Wednesday, May 10, 2017

Because the Past Matters

From a NY Times commenter today:

J. T. Stasiak Hanford, CA 3 hours ago
James Comey has an extensive reputation as an honest, intelligent, competent and strong career prosecutor who stands up to power. This was well demonstrated in 2004 when as deputy AG he successfully resisted White House Counsel Alberto R. Gonzales and President George W. Bush's chief of staff, Andrew H. Card Jr's efforts to steamroll then AG John Ashcroft into reauthorizing Bush's domestic surveillance program, which the Justice Department determined was illegal. This circus was occurring while Ashcroft was seriously ill in a hospital ICU.

Comey was well respected by FBI rank and file as a strong and effective leader--there was no clamoring from the FBI for his dismissal. By all accounts, he was handling the Russian hacking of the Presidential election investigation well--he was the right guy for the job. One suspects that he was getting too close to the truth for Mr. Trump's comfort.
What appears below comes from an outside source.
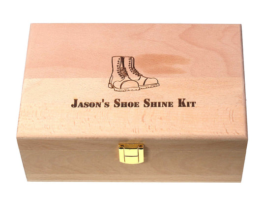 Personalised premium valet shoe cleaning kit in beech wood box Beeswax Polish
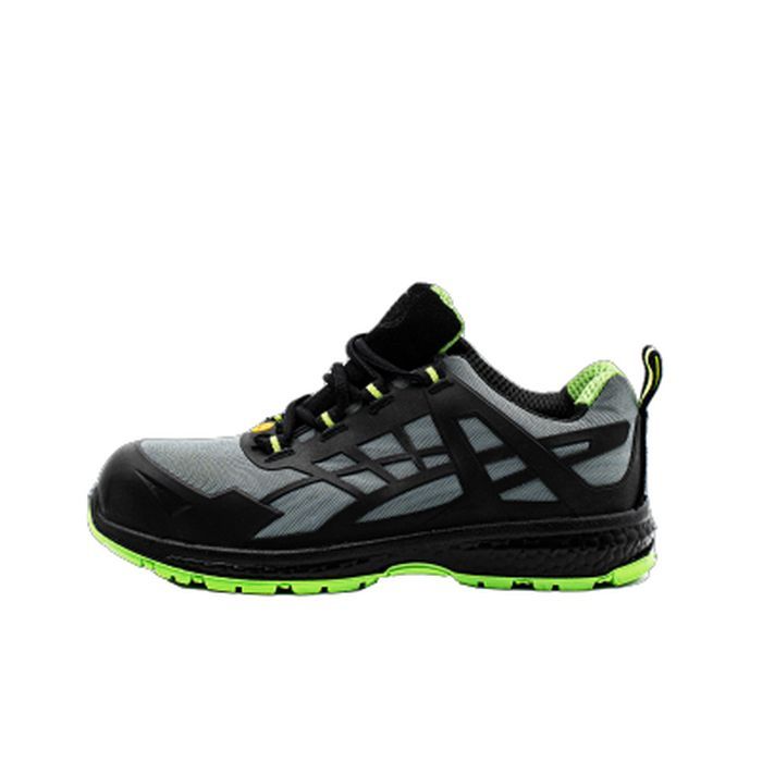 Calzatura di sicurezza realizzata in tessuto con inserti in KPU, resistente traspirante. Suola in PU SRC a doppia iniezione, battistrada rinforzato in tinta che riprende il colore della fodera interna di tipo 3D. Anelli in tessuto e copripuntale in KPU. Suola esterna lavorata su contorno, soletta interna traspirante antistatica con disegno a plantare e più alta sulla zona del tallone. Lacci in poliestere di tipo tubolari

There is no new information regarding Comey's handling of the Clinton e-mails that would justify such an abrupt and unexpected dismissal. If Comey truly needed to be fired--debatable if not doubtful--this should have been done on the basis of the evidence at hand when Mr. Trump took office.

This dismissal reeks of obstruction of justice and could very well be an impeachable offense. The real tragedy is that The NY Times and its opinion writers squandered their credibility by their constant high decibel caviling about Trump's minor offenses. That wasted credibility is badly needed now.